Неужто страх за собственную жизнь должен непременно ущемлять естественную человечность, подавлять чувство общности и сострадания?..
Все собрались теперь на площадке перед хижиной.
Было еще темно, но с востока, куда они держали путь, между стволами пробивался робкий свет. Символический свет… Ни разу за много лет Мириам не думала о том, что она еврейка, ни разу с тех пор, как не стало ее родного дома со всем его ритуалом, который соблюдали ее отец и братья… Но насколько искренней и глубокой была их вера? Этого она никогда не узнает. Все они уже умерли. Ее брат, живший в Париже. И прелестный Жак, сынишка его… Она теперь одна на всем белом свете. Когда-то она любила, но это давно прошло.
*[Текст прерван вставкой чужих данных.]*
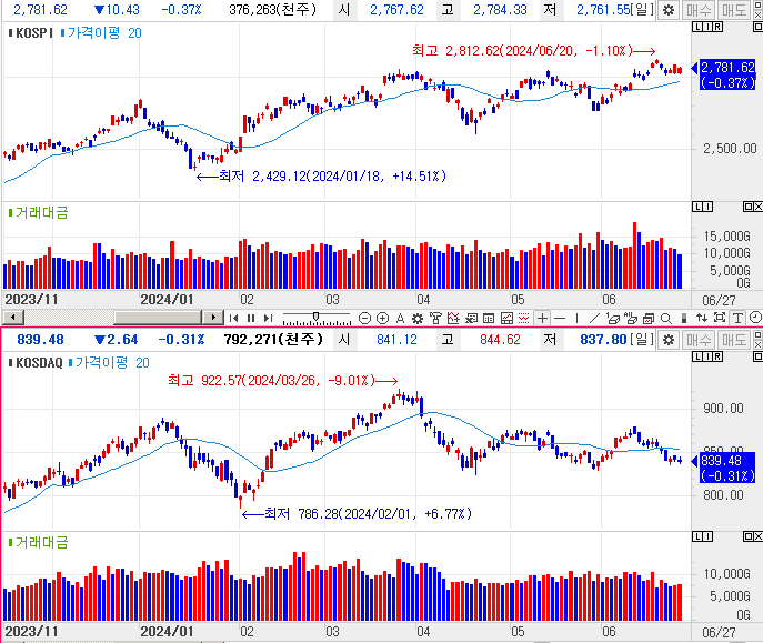 갭하락으로 시작하였으나 보합으로 마감하였습니다. 코스피는 약 10조, 코스닥은 약 8조의 거래대금을 기록하였습니다.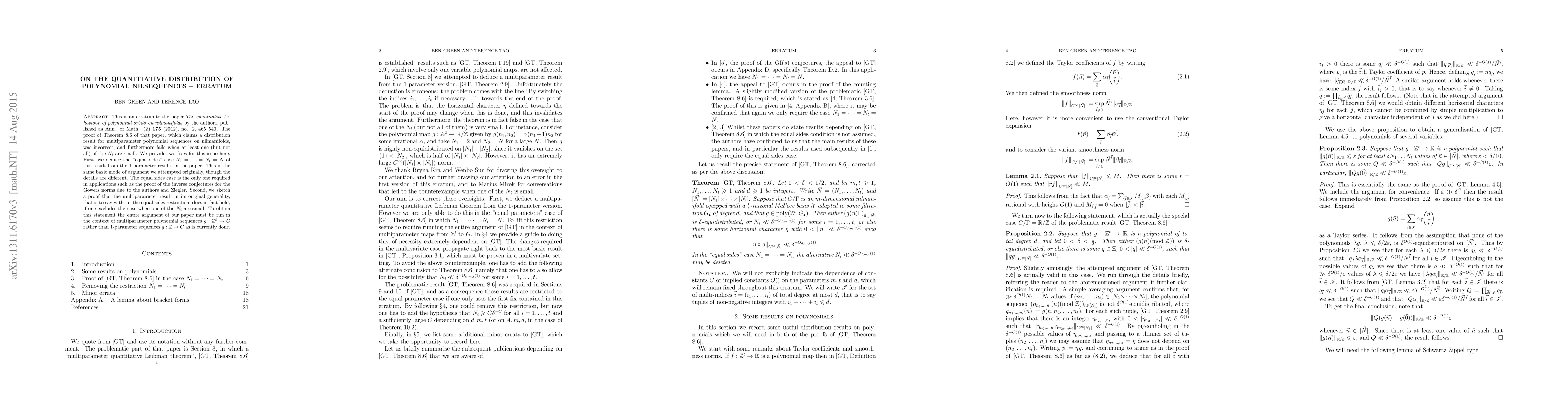 This is an erratum to 'On the quantitative distribution of polynomial nilsequences' [GT]. The proof of Theorem 8.6 of that paper, which claims a distribution result for multiparameter polynomial sequences on nilmanifolds, was incorrect. We provide two fixes for this issue here. First, we deduce the "equal sides" case $N_1 = \dots = N_t = N$ of [GT, Theorem 8.6] from the 1-parameter results in [GT]. This is the same basic mode of argument we attempted in the original paper, though the details are different. The equal sides case is the only one required in applications such as the proof of the inverse conjectures for the Gowers norms due to the authors and Ziegler. Second, we sketch a proof that [GT, Theorem 8.6] does in fact hold in its originally stated form, that is to say without the equal sides condition. To obtain this statement the entire argument of [GT] must be run in the context of multiparameter polynomial sequences $g : \mathbb{Z}^t \rightarrow G$ rather than 1-parameter sequences $g : \mathbb{Z} \rightarrow G$ as is currently done.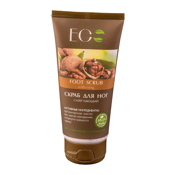 Скраб для ног содержит более 97% ингредиентов растительного происхождения. Органическое масло ши питает и смягчает кожу стоп. Масло макадамии увлажняет и восстанавливает. Скорлупа грецкого ореха нежно отшелушивает, делая кожу нежной и гладкой. Не содержит парабенов и силиконов.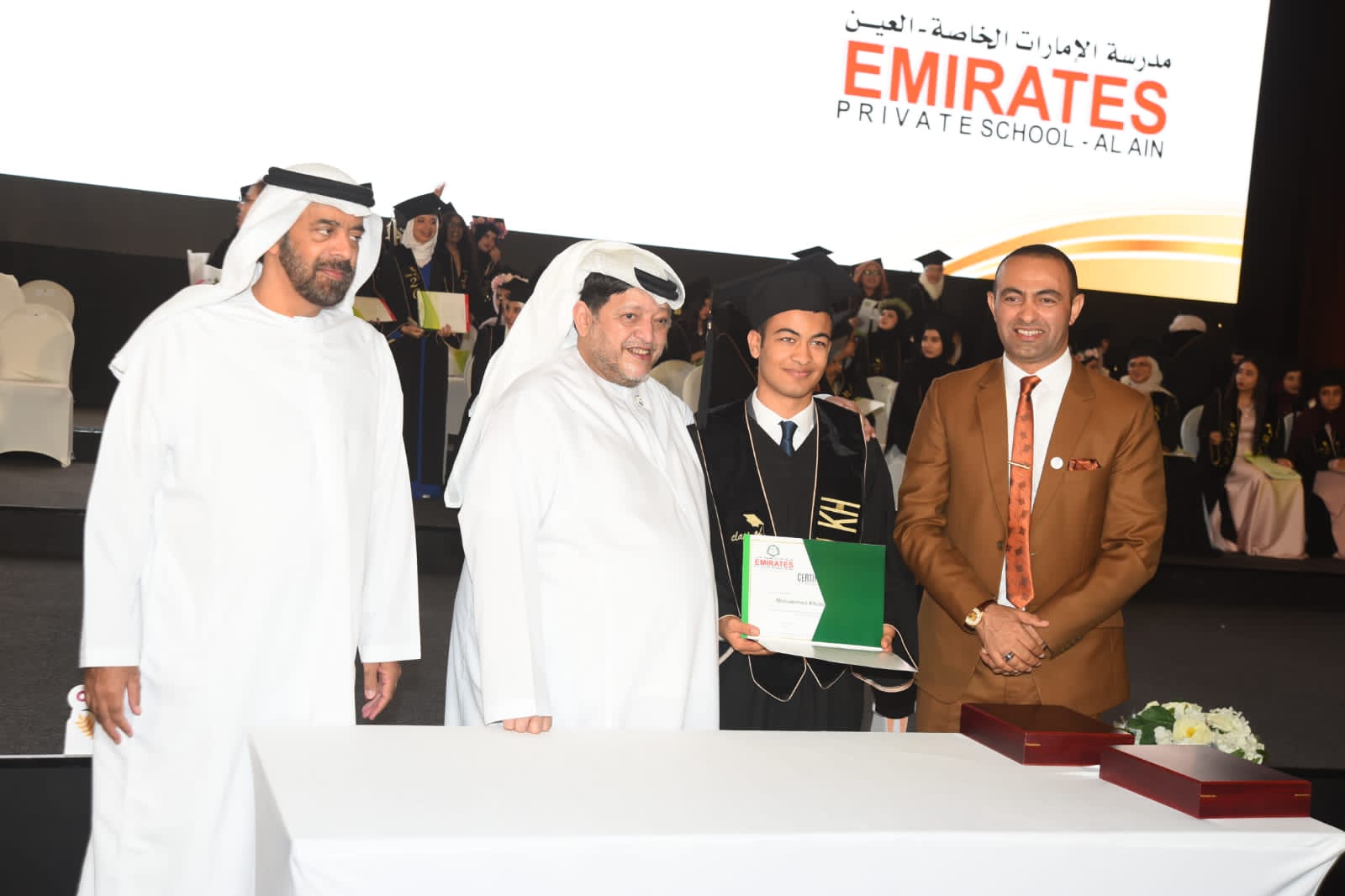 شهد معالي الشيخ الدكتور سعيد بن طحنون آل نهيان احتفال مدرسة الإمارات الخاصة بمناسبة تخريج الدفعة 33 من خريجيها الحاصلين على الثانوية العامة، وحضر الحفل الذي اقيم في قاعة مركز العين للمؤتمرات سعة الشيخ الدكتور سالم محمد بن ركاض عضو المجلس الوطني الاتحادي سابقا والدكتور خالد منصور مدير مدرسة الإمارات وعدد من الشخصيات التربوية وأعضاء الهيئتين الإدارية والتعليمية وأولياء أمور الخريجين.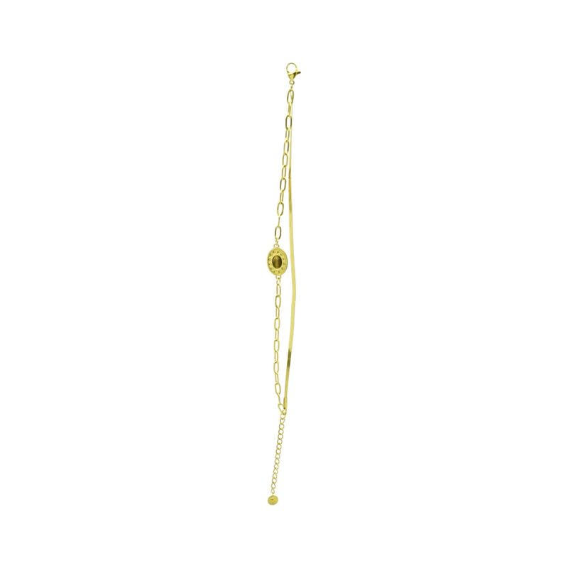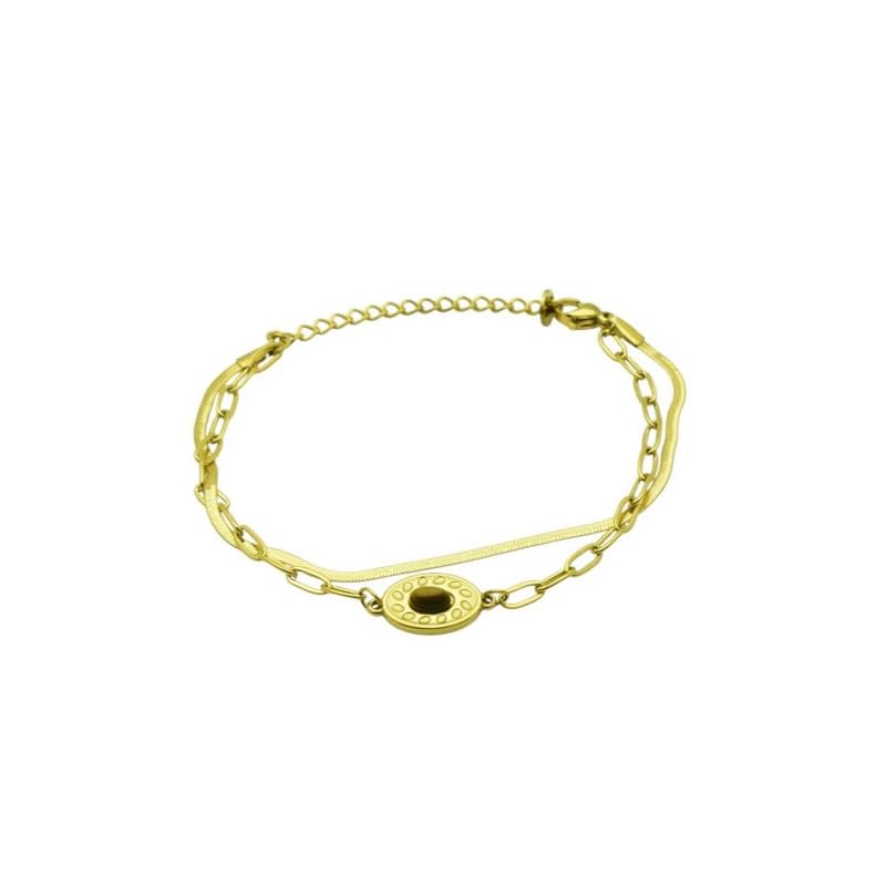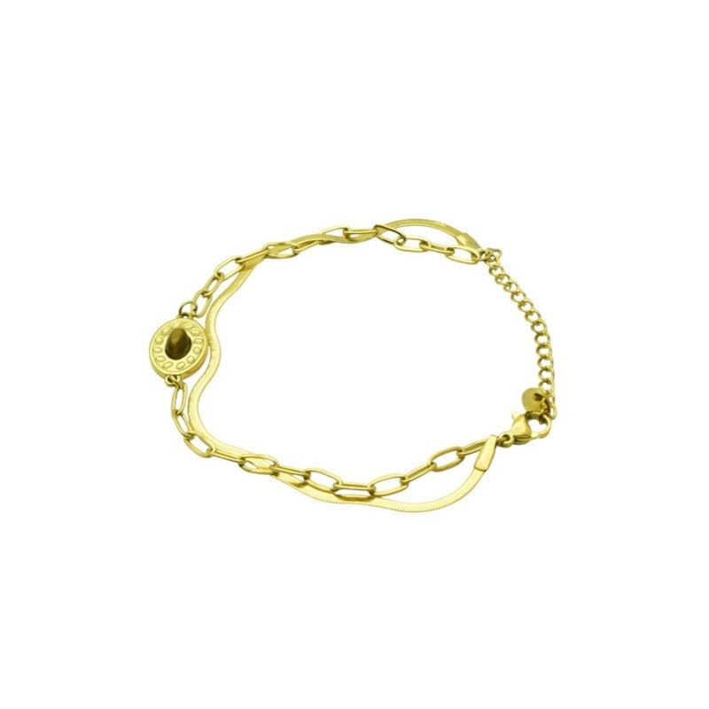 Generic - Stainless Steel Layered Bracelet with Central Stone Charm for Women – Gold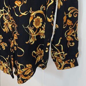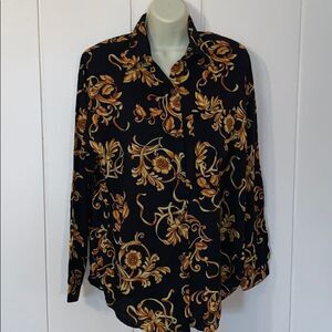 Vintage 80s or early 90s Connections black & gold rayon tunic blouse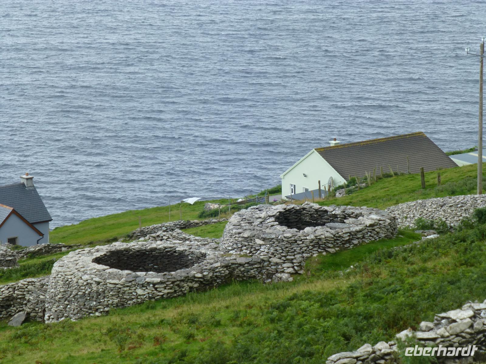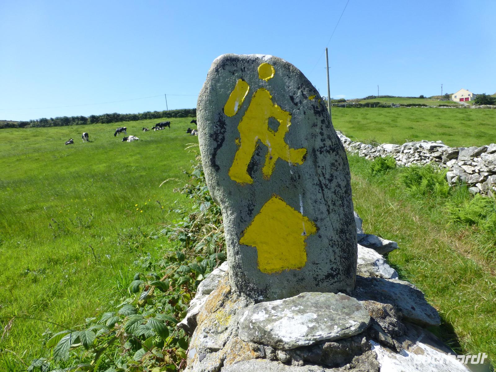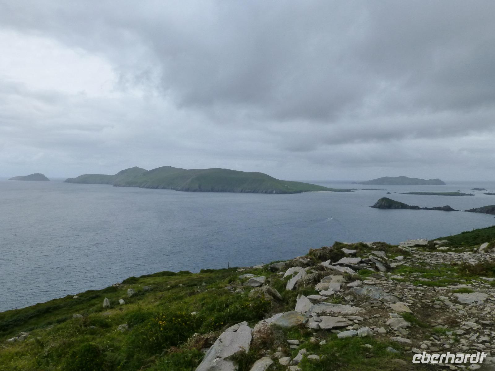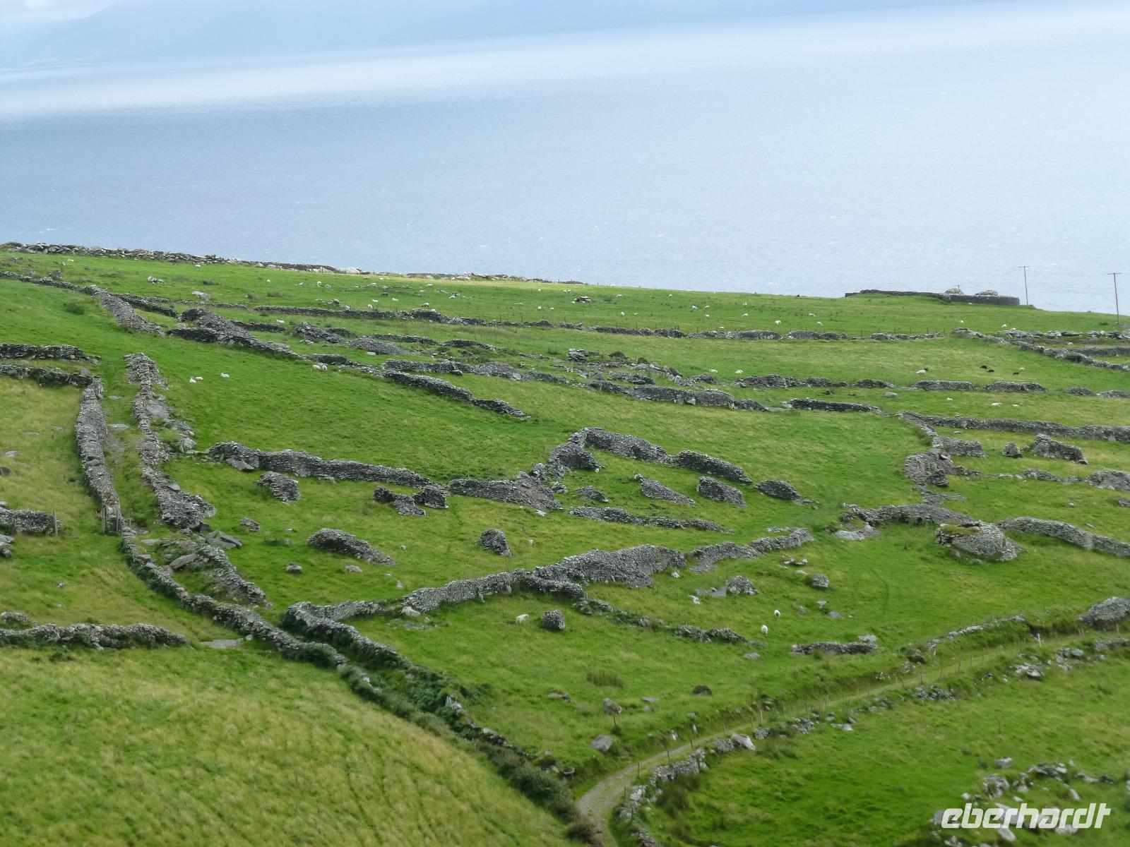 Nach dem Frühstück und der Verteilung der Lunchpakete machen wir uns auf den Weg. Das Wetter wird einbisschen Wechselhaft, aber nicht zu schlecht. Vorbei an Dingle erreichen wir Ventry Harbour. An Paddie O'Shea's Pub beginnt unser Wanderung. Zuerst entlang des Strandes laufen wir später durch eine kleine Siedlung und zwischen Weideflächen entlang. Nachdem wir ein Stück entlang der Straße zum Slea Head gelaufen sind mache wir eine Pause mit schönem Blick auf die Küste und die gegenüber der Dingle Bay liegenden Iveragh Halbinsel. Durch Schafweiden, natürlich mit Kontakt zu den Vierbeinern, erreichen wir oberhalb des Slea Head bei Dunquinn das Ende unserer Wanderung. Niall wartet schon auf uns, gemeinsam fahren wir nach Ballyferriter für eine Kaffeepause. Auf dem Weg zurück nach Dingle stoppen wir noch beim Galarus Oratory. Bei diesem Gebäude handelt es sich um ein frühchristliches Gebetshaus, welches in perfekter Trockensteinbauweise vor ca. 1300 Jahren errichtet wurde. Nach einem kurzen Stopp in Dingle erreichen wir am Abend wieder unser Hotel.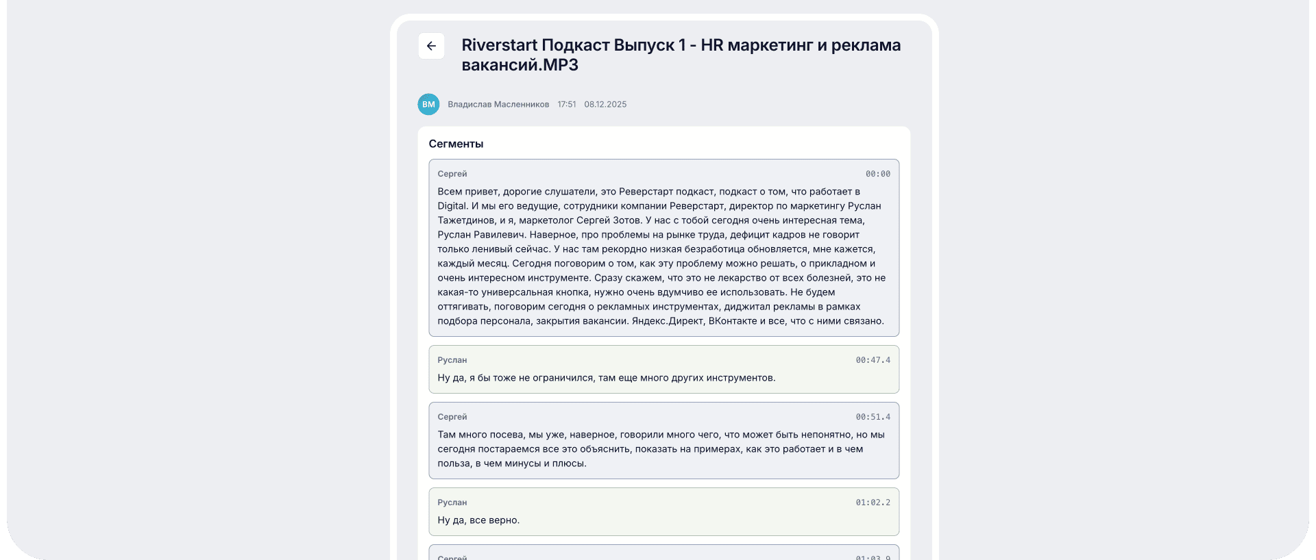 - Получаете транскрибацию: модель расшифровывает речь, выделяет участников и предоставляет таймкоды для проверки.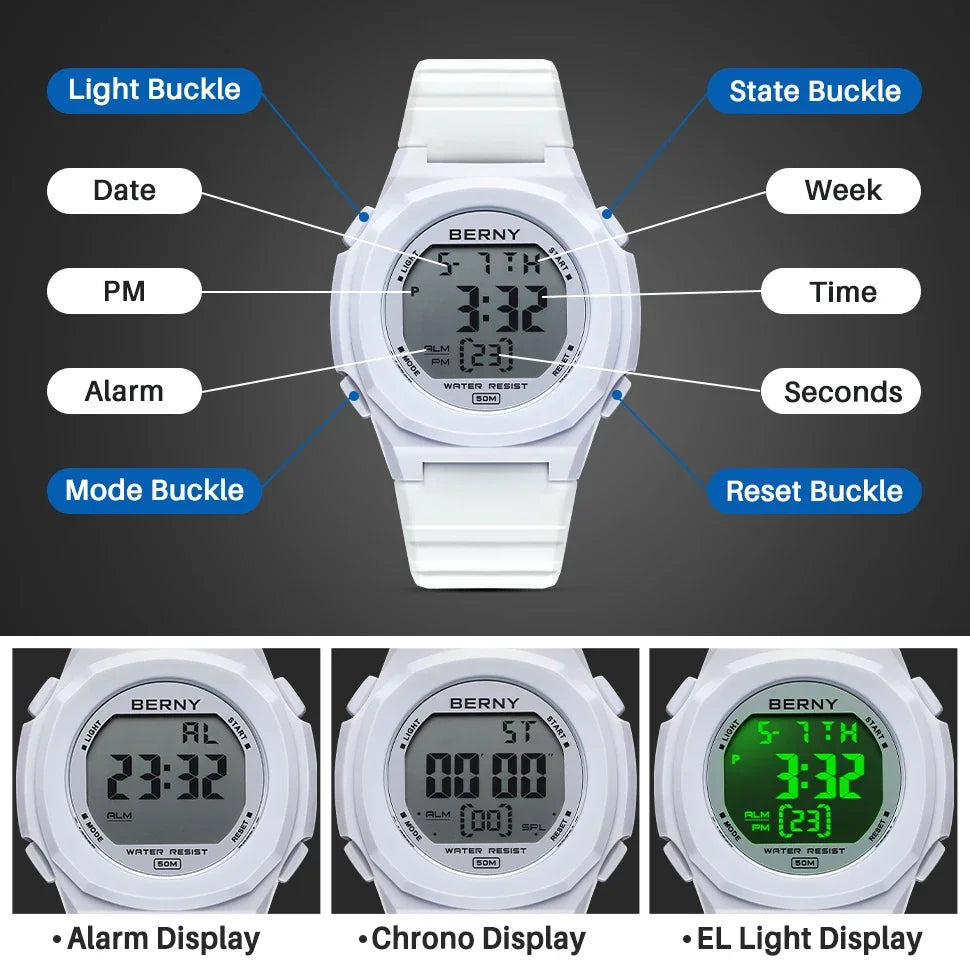 Men's Multifunction Luminous Alarm Waterproof Digital Electronic Sports Wristwatches for Students

Она выжгла в себе все, что не вело от одной сцены к другой, от одного концертного зала к другому, ко всем этим залам, где гасили свет, где сидели люди, над которыми она властвовала с помощью смычка – волшебного продолжения ее правой руки, тогда как левая рука легко и крепко держала скрипку, ставшую истинным продолжением ее души в мире, лишенном каких бы то ни было прочных ценностей, кроме музыки.